Für den Verkaufsraum wurden Gegenstände, wie Ladeneinrichtung erworben. Wenn eine Partei was erworben hatte, wurde es der anderen Partei anteilig zu 50% in Rechnung gestellt. Jede Partei ist als eigene Firma aufgetreten. Z.B. wurde Ware von jeder Partei selbst unter eigenen Namen bestellt und bezahlt. Die Verkäufe wurden über eine Kasse per Warengruppen abgerechnet. Auf den Kassenbons wurde auf die unterschiedlichen Steuernummern hingewiesen (WG1 = Steuernr. A und WG2 = Steuernr. B). Ich hatte dann meinen Verkaufsanteil von der GmbH überwiesen bekommen. Das Aufstellen einer eigenen Kasse wurde mir von der GmbH untersagt! Die Kosten für das Personal wurden geteilt, ebenso sämtliche anfallenden weiteren Kosten.
Nach jahrelangen Unstimmigkeiten hatte ich den mündlich vereinbarten Mietvertrag gekündigt. Über die angeschafften Gegenstände wollte ich eine Einigung erzielen und den Teil der von mir genutzten Einrichtung (die Aufteilung und Nutzung der Räumlichkeiten war festgelegt) abbauen und für ein neues Geschäft nutzen.
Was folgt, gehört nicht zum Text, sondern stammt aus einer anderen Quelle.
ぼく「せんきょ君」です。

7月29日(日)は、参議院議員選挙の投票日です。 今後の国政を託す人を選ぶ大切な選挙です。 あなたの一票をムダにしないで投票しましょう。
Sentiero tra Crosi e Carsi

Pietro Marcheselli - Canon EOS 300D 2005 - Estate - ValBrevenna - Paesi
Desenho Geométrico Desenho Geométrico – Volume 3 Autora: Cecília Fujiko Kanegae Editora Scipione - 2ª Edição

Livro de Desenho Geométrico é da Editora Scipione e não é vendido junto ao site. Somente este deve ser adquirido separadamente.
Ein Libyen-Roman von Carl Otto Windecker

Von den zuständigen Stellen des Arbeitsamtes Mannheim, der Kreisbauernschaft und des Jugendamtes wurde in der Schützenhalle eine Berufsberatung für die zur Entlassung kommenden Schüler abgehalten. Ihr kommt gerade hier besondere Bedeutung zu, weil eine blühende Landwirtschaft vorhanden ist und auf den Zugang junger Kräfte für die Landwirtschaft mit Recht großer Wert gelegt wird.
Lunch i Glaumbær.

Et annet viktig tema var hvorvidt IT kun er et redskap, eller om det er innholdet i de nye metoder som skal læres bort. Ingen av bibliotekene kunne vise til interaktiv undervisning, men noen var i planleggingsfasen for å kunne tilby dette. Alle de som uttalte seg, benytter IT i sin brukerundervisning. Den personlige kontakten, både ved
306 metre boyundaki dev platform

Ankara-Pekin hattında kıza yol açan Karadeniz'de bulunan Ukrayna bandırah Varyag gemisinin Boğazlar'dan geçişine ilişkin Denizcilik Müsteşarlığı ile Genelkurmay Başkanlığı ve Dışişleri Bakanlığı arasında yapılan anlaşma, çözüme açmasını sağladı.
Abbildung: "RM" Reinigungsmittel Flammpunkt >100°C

Dann hatte ich ein Schreiben von der Anwaltskanzlei der GmbH erhalten, wonach hervorgegangen ist, dass wir von Gesetzes wegen eine GbR. darstellen würden und die GmbH die GbR. weiterführen würde. Somit würden sämtliche "gemeinschaftlich eingebrachte Gegenstände" bei der fortführenden Partei verbleiben. Angeblich wäre dies "von Beginn der Gesellschaft so mündlich vereinbart gewesen" (was nicht zutrifft). Der Lebensgefährte der GmbH-Geschäftsführerin, welcher die Geschäfte dieser tatsächlich durchführte wurde als Zeuge benannt.
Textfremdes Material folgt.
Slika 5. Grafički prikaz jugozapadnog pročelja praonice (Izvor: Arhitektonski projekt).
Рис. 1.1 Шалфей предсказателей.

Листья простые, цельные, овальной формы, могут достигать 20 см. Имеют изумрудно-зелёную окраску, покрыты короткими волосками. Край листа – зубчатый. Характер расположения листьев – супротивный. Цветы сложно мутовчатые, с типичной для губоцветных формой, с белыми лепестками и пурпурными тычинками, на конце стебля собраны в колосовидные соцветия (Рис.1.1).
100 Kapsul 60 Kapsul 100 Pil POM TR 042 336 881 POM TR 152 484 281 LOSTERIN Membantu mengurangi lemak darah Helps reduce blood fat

Bis dahin war mir der Umstand absolut nicht bewusst, dass wir eine GbR. darstellen würden. Liegt hier tatsächlich eine GbR. vor?
Gibt es Aussichten dennoch die Gegenstände zu erhalten, oder ist für mich tatsächlich Alles verloren? Ein Wertausgleich nach Schätzung ist für mich uninteressant, weil die Einrichtung nach den Jahren ohnehin keinen besonderen Geldwert mehr darstellt.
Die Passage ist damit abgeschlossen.